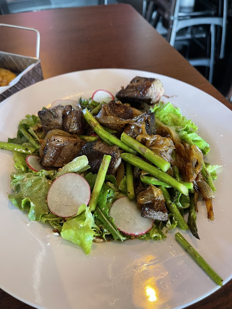 First time, won’t be my last time. Service is great and friendly. I went with the Tri-Tip Salad and Seashore Fries. Highly recommend! The fries are like thin steak fries. A great invention. Steak was cooked perfect. The highlight for me was the pecans. I almost asked for it without them, but they ended up being a fantastic surprise of flavor and really completed the salad.
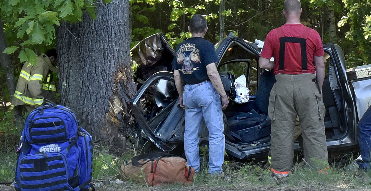 At least one person appeared to have been injured Sunday after a pickup truck struck a tree on Windsor Road in China.
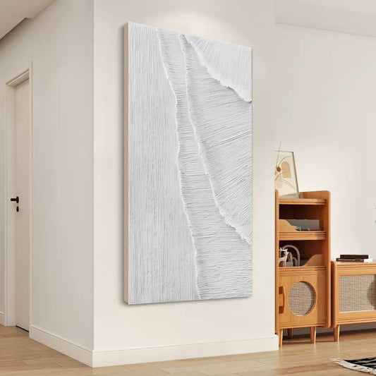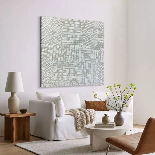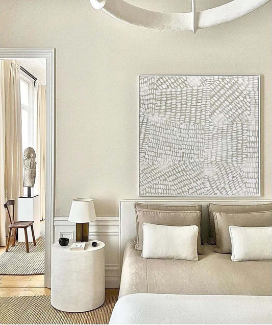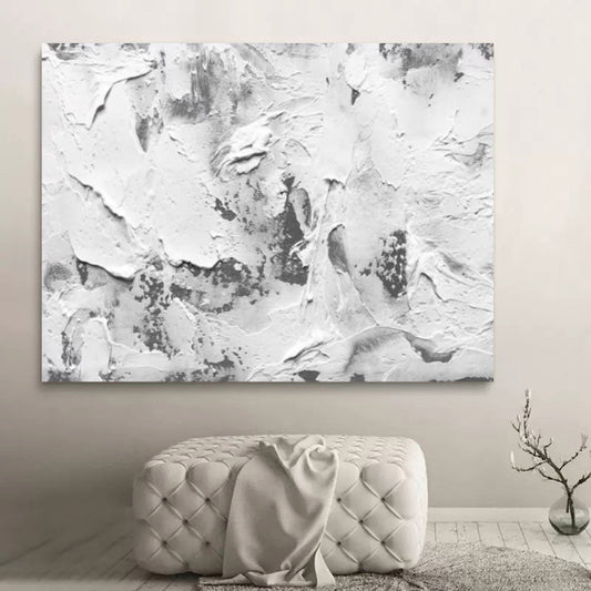 Textured White Abstract Oil Painting for Modern Minimalist Home Decor
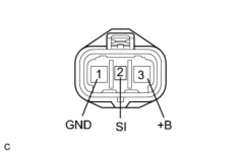 (2) Turn the ignition switch to the ON position. Check the voltage of the +B terminal of the disconnected wire harness side connector.
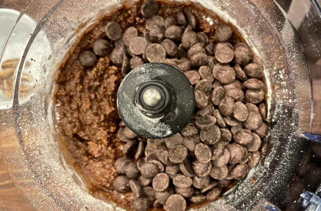 Preheat the oven to 350-degrees. Toss the chopped bittersweet chocolate into the bowl of a food processor along with both sugars.
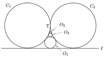 点で外接している2個の等円 , が直線 ℓにも接しているとき,これら2個の円に外接する円列を次のように定める。『は ℓに接し,は に外接する()』元の2個の円の半径をとするとき,の半径を求めよ。
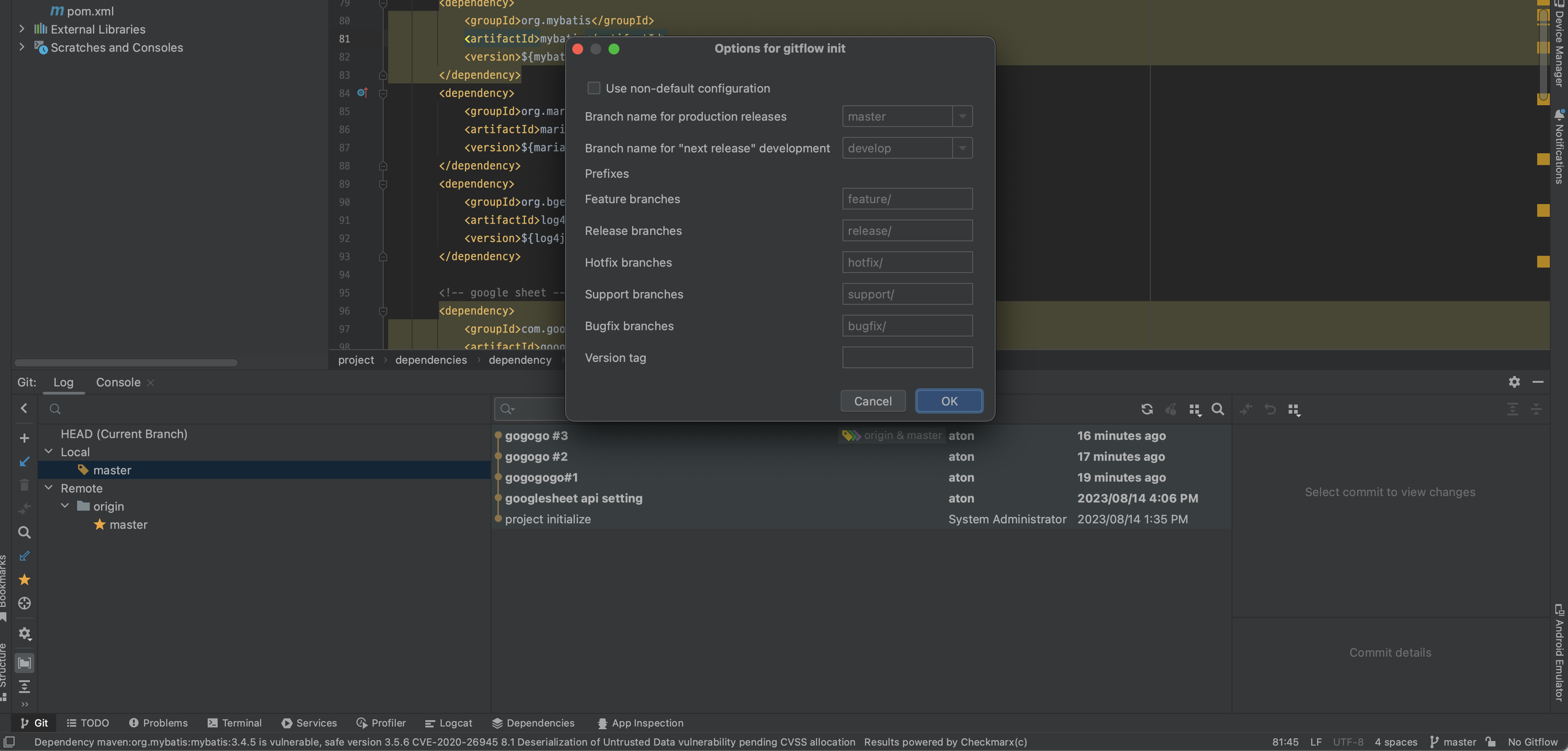 2) Git TAB에 들어가 우측하단에 Gitflow -> init Repo로 repository를 초기화 한다.
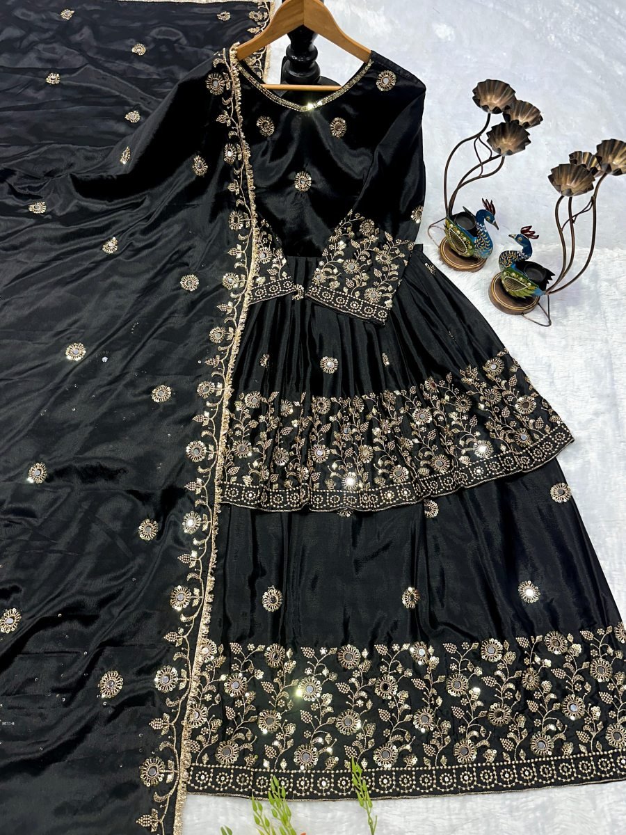 Fabric: Heavy Chinon Silk with heavy embroidery work and real mirror work
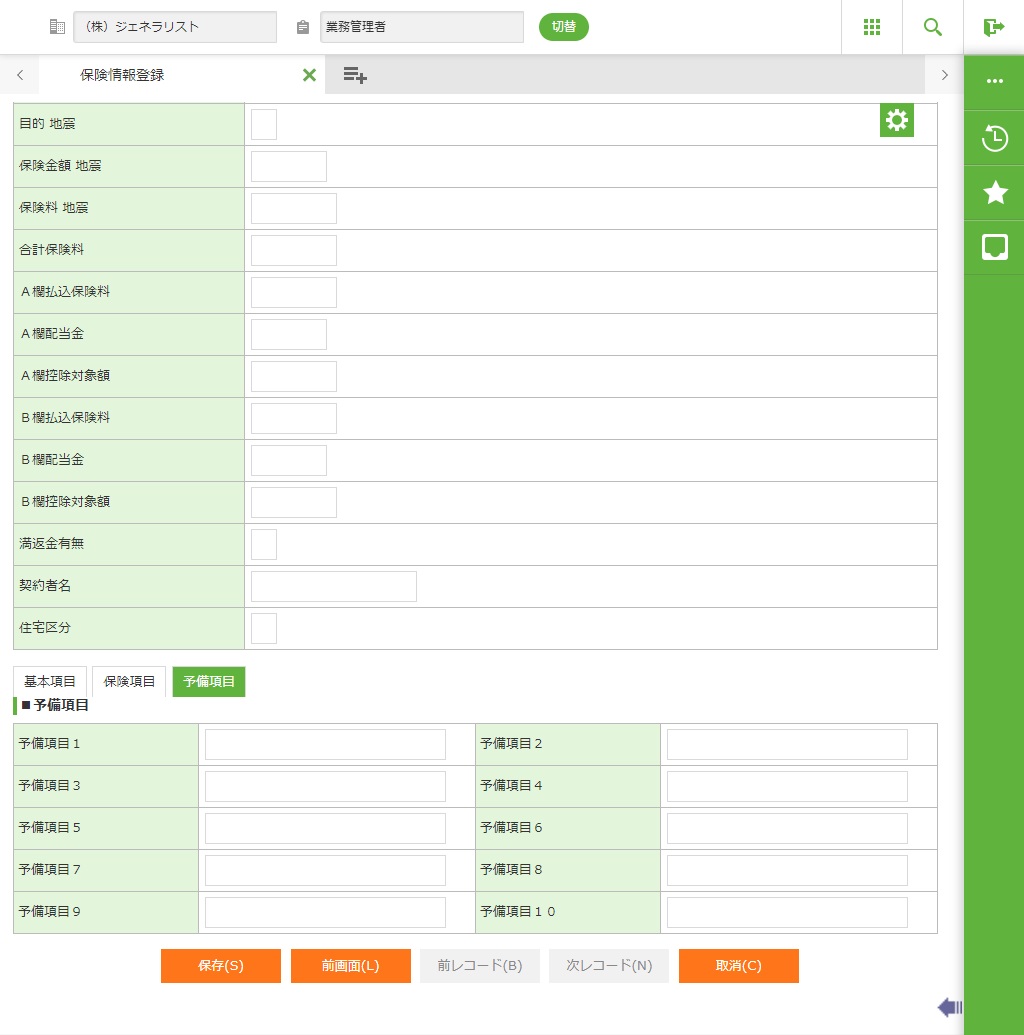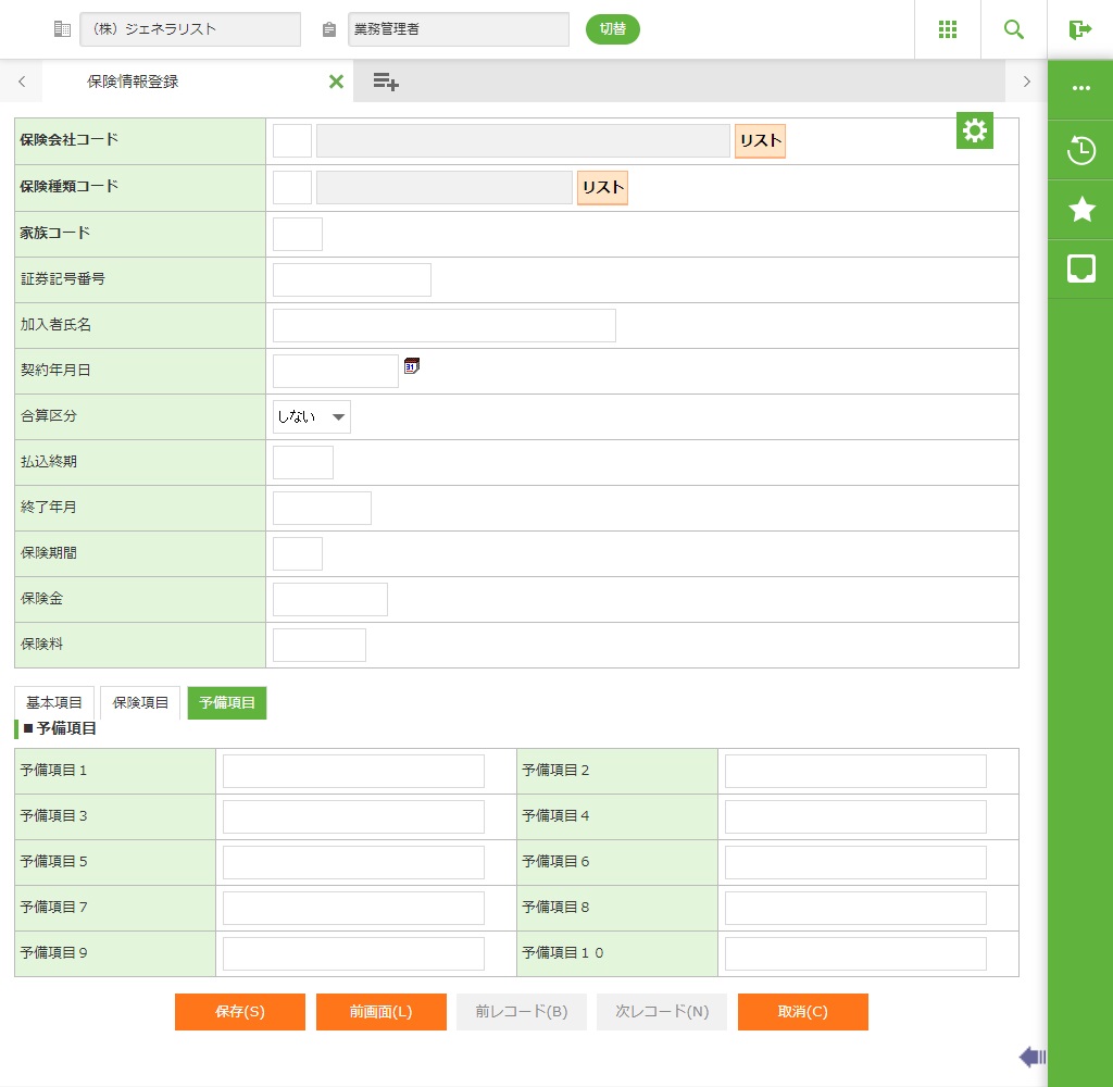 ・ 生命保険、損害保険、介護医療保険に関する情報を個人ごとに設定します。

──────

▶ What this task involves
The material above holds pictures; leave them out. Repeat exactly the lines from the one containing "At least one" through the one containing "Preheat the oven", and nothing else.

▶ Task response
 At least one person appeared to have been injured Sunday after a pickup truck struck a tree on Windsor Road in China.
 Textured White Abstract Oil Painting for Modern Minimalist Home Decor
 (2) Turn the ignition switch to the ON position. Check the voltage of the +B terminal of the disconnected wire harness side connector.
 Preheat the oven to 350-degrees. Toss the chopped bittersweet chocolate into the bowl of a food processor along with both sugars.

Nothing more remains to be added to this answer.